Brice monte dans la Bugatti Royale pour la conduire jusqu’à l’autodrome où elle fera quelques tours. Je suis invitée à monter à ses côtés pour faire quelques images. Bertrand, l’un des mécaniciens de l’équipe, se met au volant d’une Jeep, une autre voiture mythique de la Cité de l’automobile et nous accompagne sur la piste. Le véhicule nous servira par la suite pour les travelling vidéo. Un virage serré est à négocier avant de rejoindre l’autodrome. Notre chauffeur manie la grande dame avec précaution et essaie de prendre le virage assez large mais ça ne suffit pas, il faudra s’y reprendre à deux fois. Il me demande si cela passe de mon côté et accélère une fois le portail franchit. « C’est la voiture de Monsieur Bugatti et moi je la conduis. C’est fou ! » me confie t-il. En voilà un passionné !

Une fois sur l’autodrome, plus rien n’arrête la voiture.

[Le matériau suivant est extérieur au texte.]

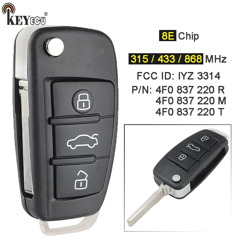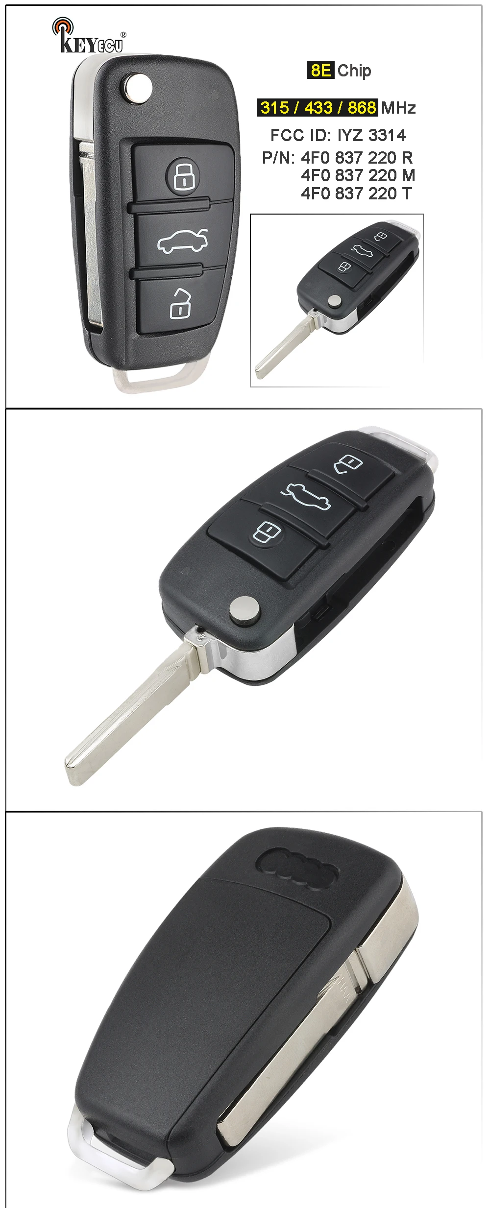 KEYECU 433 МГц 8E чип PN: 4F0837220R 4F0837220M 4F0837220T замена флип дистанционный ключ-брелок от машины для Audi A6 S6 Q7 2004-2015
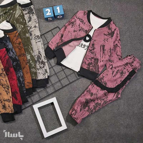 ست سه تیکه مخمل کبریتی دخترانه کد 7140
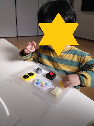 こちらのお子さんが使っているおもちゃは、スイッチやボタンを組み合わせて作ったものになります。
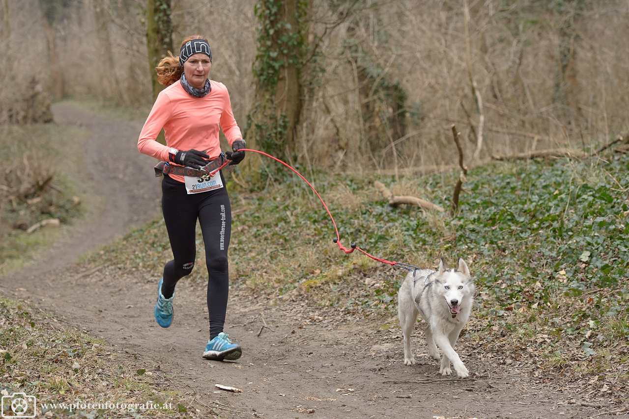 CaniCross: Hier bilden Läufer und Hund ein Team. Die maximale Länge für die Leine beträgt 2 Meter und wird mittels Bauchgurt mit dem Zuggeschirr des Hundes verbunden. Auch hier muss sich der Hund immer vor dem Läufer befinden.
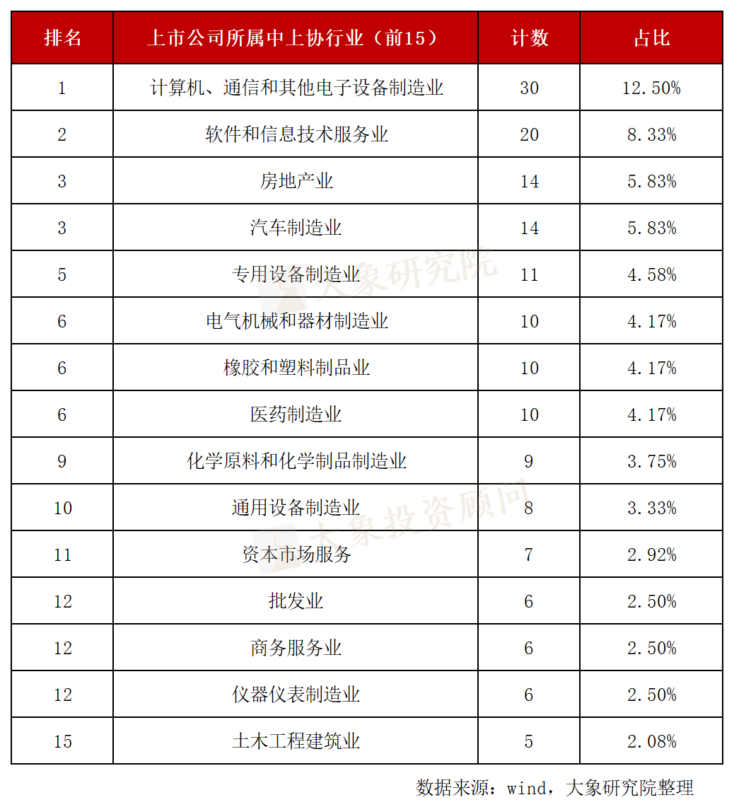 从240家上市公司最新披露日企业性质来看,民营企业有134家,地方国有企业有59家,中央国有企业有25家,公众企业有11家,外资企业有6家,其他企业有3家;集体企业有3家。

Je suis surprise par la conduite qui est plus qu’agréable, à l’avant en tout cas, car une fois passée à l’arrière je remarque que cela secoue beaucoup plus. Tout le monde est sous le charme. Cette voiture a tellement de prestance quand elle est en mouvement qu’il serait dommage de ne pas la faire rouler.

Brice nous confiera: « le jour où je ne trouverai plus ça beau, je crois que je pourrai arrêter mon travail ».